Теперь наступила очередь Пэна возмущаться закулисными действиями Председателя. Он-то написал ему конфиденциальное письмо, ни в коем случае не предназначавшееся для всеобщего обсуждения. Поэтому и не всегда стеснялся в выражениях. И вот теперь о его «бестактности» должны были узнать все! Еще утром 17 июля его ближайший сотрудник, начальник Генерального штаба НОАК генерал Хуан Кэчэн, которому Пэн сам показал письмо, выразил озабоченность по поводу «резкого стиля» «командующего» (так тогда все звали Пэна), но, подумав, добавил: «Впрочем, с Председателем вас связывают долгие годы совместной борьбы, так что вы, должно быть, хорошо понимаете друг друга»282.

Как бы не так!

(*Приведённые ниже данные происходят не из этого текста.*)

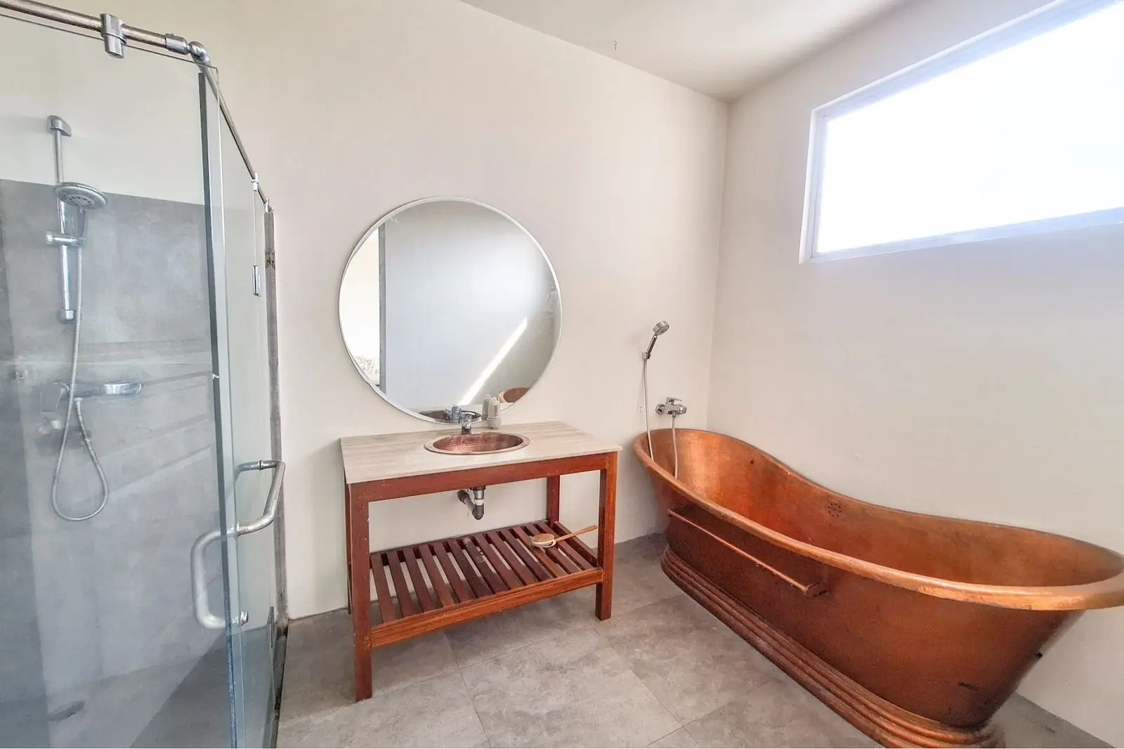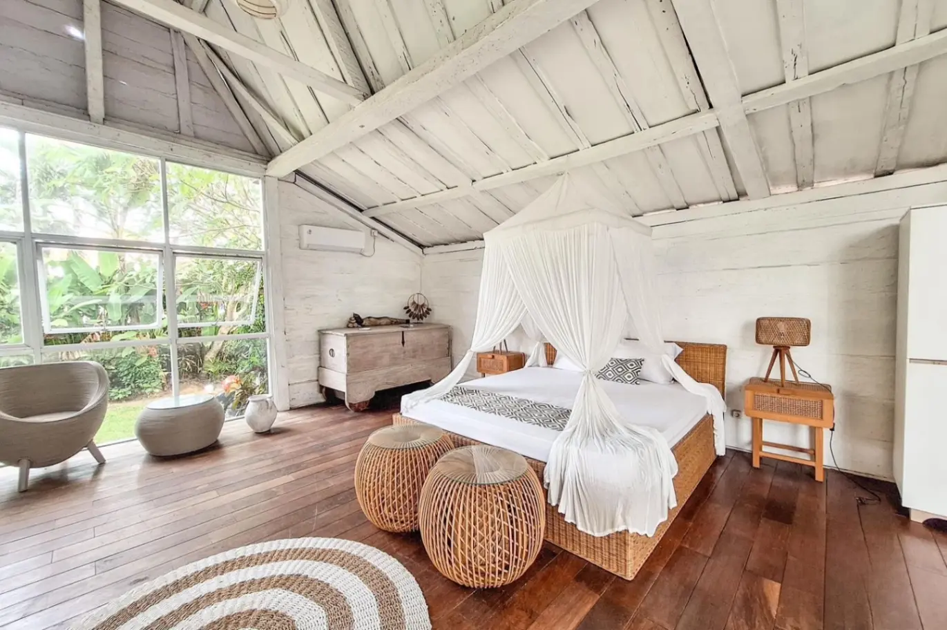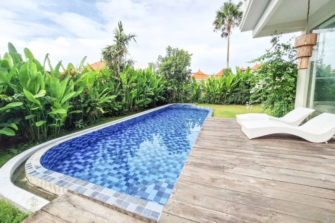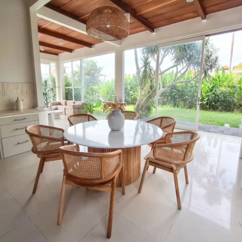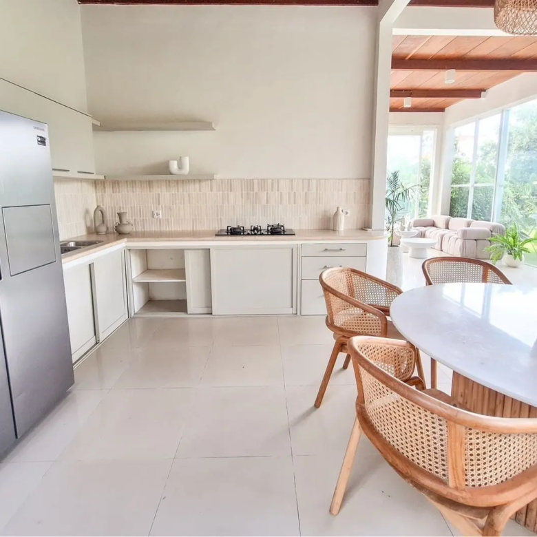 This stunning 4-bedroom modern villa is available for a minimum one-year yearly rent in the peaceful Pererenan Sempol Tiying Tutul area. With a comfortable design perfect for families with small children, the property offers a beautiful view of both a private pool and scenic rice fields. Its location is ideal, being close to popular spots like Tony’s New York Pizza Canggu and Elite Fit gym, and just a short six-minute bike ride from Pererenan Beach.

Годы партизанского «братства» давно миновали (да и было ли оно, это «братство»?). Надо было готовиться к самому худшему.

18 июля, несмотря на протесты Пэна, потребовавшего от канцелярии ЦК изъять экземпляры письма, «написанного второпях», участники совещания начали обсуждать его послание Председателю. И подавляющее большинство, разумеется, с пеной у рта стало обвинять незадачливого «командующего» во всех смертных грехах. Настроение «великого кормчего» всем было понятно.

Кое-кто, правда, выразил Пэн Дэхуаю поддержку. Это были первый секретарь хунаньского комитета партии Чжоу Сяочжоу, бывший Генеральный секретарь ЦК компартии Ло Фу, выполнявший в то время функции заместителя министра иностранных дел, Хуан Кэчэн, а также новый секретарь Председателя Ли Жуй. Их тут же вместе с Пэном зачислили в «антипартийную группу», и утром 23 июля Мао, по его собственным словам, «поддал жару», объявив, что всю жизнь следовал принципу: «Если меня затрагивали, я отвечал тем же, если меня трогали первого, я давал сдачи».

вернуться

134

Чан Кайши.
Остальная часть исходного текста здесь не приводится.